During these failovers the clients will not be susceptible to:
- Domain Name System (DNS) propagation delays on failover.
- Local DNS caching.
- Connection timeouts.
- Uncertainty about which DB instance is the current writer.
- Waiting for a query response from a former writer that became unavailable without closing connections.
Security
RDS Proxy supports TLS protocol version 1.0, 1.1, and 1.2. You can connect to the proxy using a higher version of TLS than you use in the underlying database.
For the lambda function to connect to the database, everything must be done through the Secrets Manager service, where there is a secret that is configured in the Proxy. At the lambda level, we point it to the RDS Proxy.
Tests Executed
Infrastructure Deployment: The entire infrastructure was deployed with CDK + TS, it was an interesting challenge to deploy the entire infrastructure like that, however, the documentation for TS is not as complete when compared to CDK + Python.
Database Configuration
Aurora Master Database Instance
Aurora Standby Database Instance
Lambda Function
It was developed in Python 3.7, it is really a script that through two cycles does recurring writing tasks in the database and in turn shows when it is writing each of the records in the database:
Now within the described scenario with all the lambda functions doing writing tasks on the database, Failover was executed in 2 scenarios, in each of them a total of 15 tests were run:
- Failover without RDS Proxy: In this scenario, we had database unavailability of 10–12 seconds while failover.

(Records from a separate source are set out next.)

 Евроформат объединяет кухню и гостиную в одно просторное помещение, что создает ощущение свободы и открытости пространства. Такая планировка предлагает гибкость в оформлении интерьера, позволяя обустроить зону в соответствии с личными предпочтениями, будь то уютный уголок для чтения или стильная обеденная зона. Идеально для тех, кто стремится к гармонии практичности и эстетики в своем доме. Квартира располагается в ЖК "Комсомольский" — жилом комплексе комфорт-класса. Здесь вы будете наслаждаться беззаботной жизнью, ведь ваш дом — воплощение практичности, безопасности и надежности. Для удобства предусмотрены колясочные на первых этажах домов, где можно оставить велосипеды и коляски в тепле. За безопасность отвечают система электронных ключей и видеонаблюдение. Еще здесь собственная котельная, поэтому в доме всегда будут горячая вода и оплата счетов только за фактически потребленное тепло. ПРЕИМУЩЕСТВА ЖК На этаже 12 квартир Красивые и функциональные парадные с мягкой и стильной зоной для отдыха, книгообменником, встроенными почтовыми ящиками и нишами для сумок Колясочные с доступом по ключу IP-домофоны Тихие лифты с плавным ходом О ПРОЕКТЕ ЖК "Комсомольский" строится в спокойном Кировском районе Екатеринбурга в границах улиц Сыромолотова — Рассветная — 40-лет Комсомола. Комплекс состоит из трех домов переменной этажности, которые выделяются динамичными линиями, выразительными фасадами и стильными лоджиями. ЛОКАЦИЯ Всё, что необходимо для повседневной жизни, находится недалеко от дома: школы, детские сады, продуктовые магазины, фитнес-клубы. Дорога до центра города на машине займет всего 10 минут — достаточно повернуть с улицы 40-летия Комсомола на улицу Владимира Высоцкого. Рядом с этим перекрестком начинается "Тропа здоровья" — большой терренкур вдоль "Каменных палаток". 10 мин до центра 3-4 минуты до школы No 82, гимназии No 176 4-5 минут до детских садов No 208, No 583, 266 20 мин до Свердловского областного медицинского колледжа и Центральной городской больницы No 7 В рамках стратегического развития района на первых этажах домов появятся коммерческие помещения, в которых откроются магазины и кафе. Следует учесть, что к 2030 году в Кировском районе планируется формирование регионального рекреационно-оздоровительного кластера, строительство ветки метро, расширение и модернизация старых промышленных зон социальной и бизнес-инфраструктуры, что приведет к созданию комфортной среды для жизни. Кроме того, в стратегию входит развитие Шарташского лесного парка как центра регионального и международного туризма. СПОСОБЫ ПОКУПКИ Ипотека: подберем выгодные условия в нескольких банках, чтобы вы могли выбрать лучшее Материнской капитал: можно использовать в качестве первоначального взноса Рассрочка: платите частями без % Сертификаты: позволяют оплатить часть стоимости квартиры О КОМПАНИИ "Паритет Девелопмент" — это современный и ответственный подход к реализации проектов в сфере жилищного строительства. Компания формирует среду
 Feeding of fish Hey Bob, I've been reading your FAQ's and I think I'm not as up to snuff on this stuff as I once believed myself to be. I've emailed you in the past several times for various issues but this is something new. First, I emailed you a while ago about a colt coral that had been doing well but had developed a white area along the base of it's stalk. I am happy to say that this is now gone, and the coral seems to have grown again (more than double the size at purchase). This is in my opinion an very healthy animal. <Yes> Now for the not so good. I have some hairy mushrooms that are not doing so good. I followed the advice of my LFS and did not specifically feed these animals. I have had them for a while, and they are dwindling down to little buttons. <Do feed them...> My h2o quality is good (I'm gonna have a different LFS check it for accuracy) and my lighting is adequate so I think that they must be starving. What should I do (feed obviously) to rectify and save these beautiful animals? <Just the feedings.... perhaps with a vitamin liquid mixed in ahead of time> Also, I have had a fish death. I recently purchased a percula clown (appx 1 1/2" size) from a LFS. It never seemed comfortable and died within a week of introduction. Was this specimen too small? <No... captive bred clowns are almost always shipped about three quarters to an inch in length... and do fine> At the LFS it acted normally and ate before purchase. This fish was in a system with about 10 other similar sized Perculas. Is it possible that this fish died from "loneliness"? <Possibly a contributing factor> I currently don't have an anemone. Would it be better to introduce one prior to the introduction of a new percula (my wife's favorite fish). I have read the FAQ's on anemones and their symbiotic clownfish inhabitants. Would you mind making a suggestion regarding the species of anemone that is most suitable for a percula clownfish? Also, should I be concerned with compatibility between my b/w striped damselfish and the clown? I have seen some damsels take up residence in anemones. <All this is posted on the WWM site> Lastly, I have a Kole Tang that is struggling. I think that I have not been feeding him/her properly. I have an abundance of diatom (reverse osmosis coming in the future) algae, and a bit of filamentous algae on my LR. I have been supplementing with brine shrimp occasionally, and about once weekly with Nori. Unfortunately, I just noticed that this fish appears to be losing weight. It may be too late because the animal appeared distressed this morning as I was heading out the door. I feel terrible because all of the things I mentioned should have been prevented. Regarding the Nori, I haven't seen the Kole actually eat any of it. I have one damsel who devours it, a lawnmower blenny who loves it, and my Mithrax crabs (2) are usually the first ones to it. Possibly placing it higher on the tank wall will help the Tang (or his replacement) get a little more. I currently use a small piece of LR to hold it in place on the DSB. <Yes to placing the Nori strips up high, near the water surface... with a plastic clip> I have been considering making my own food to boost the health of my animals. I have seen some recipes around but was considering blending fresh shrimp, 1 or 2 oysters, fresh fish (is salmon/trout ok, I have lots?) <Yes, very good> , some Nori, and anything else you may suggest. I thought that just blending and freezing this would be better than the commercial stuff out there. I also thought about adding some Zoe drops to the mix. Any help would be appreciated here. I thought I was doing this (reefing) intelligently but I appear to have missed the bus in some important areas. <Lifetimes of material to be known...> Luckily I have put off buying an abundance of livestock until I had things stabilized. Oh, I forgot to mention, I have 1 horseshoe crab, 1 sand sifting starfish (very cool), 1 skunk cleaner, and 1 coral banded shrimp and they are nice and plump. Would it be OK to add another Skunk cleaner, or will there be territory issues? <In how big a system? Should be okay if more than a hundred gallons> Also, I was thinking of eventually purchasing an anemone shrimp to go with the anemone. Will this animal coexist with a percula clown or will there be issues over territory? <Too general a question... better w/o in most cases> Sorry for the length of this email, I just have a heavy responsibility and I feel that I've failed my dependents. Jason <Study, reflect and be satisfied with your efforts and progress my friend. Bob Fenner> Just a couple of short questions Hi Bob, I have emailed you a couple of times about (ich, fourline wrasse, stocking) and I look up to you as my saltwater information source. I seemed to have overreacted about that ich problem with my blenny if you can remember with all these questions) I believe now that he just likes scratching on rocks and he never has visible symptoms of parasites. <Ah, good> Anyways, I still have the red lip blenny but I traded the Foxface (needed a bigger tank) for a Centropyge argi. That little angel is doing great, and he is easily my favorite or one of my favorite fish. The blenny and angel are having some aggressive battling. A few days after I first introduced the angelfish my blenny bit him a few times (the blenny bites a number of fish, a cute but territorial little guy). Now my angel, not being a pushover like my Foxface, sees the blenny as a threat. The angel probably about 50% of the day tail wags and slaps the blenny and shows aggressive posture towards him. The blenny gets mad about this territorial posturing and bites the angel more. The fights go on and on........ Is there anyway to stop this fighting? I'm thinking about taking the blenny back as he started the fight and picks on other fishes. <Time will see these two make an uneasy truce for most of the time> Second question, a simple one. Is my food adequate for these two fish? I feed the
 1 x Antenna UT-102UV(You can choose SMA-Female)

- Failover with RDS Proxy: in this scenario, there were only 30% of the tests with the unavailability of 1 second, in the remaining 70% there was no unavailability.

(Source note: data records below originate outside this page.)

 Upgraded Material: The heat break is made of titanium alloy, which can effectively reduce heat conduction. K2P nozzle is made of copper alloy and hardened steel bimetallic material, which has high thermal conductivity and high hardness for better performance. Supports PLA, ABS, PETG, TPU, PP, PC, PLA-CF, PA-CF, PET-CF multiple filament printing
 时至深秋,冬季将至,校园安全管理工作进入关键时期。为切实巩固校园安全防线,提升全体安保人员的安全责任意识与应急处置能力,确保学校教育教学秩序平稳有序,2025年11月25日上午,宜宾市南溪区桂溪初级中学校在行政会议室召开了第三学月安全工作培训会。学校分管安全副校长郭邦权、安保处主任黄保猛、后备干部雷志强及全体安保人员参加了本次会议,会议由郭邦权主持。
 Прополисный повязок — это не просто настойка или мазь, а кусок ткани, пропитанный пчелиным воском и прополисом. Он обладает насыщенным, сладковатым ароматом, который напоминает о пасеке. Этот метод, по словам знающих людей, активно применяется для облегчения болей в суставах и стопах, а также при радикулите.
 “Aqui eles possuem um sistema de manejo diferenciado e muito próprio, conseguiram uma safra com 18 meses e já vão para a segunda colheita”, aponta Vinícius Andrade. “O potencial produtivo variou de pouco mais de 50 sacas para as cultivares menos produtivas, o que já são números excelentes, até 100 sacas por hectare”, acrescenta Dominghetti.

After the tests in our scenario, we evidenced a 90% improvement in failover over time.
Learned Lessons
- Whenever AWS releases a new service, I suggest waiting 3–6 months to use it in production environments. Since the documentation is usually not complete, AWS support does not know the service well and you can have a hard time trying to do complex things.
- If you are going to implement RDS Proxy, take into account the costs and how they can impact the project.
- For productive environments, I definitely recommend the use of a proxy to improve security, connections, and failover.
- During tests performed, the failover time was reduced by 90% and in several cases, there was no unavailability.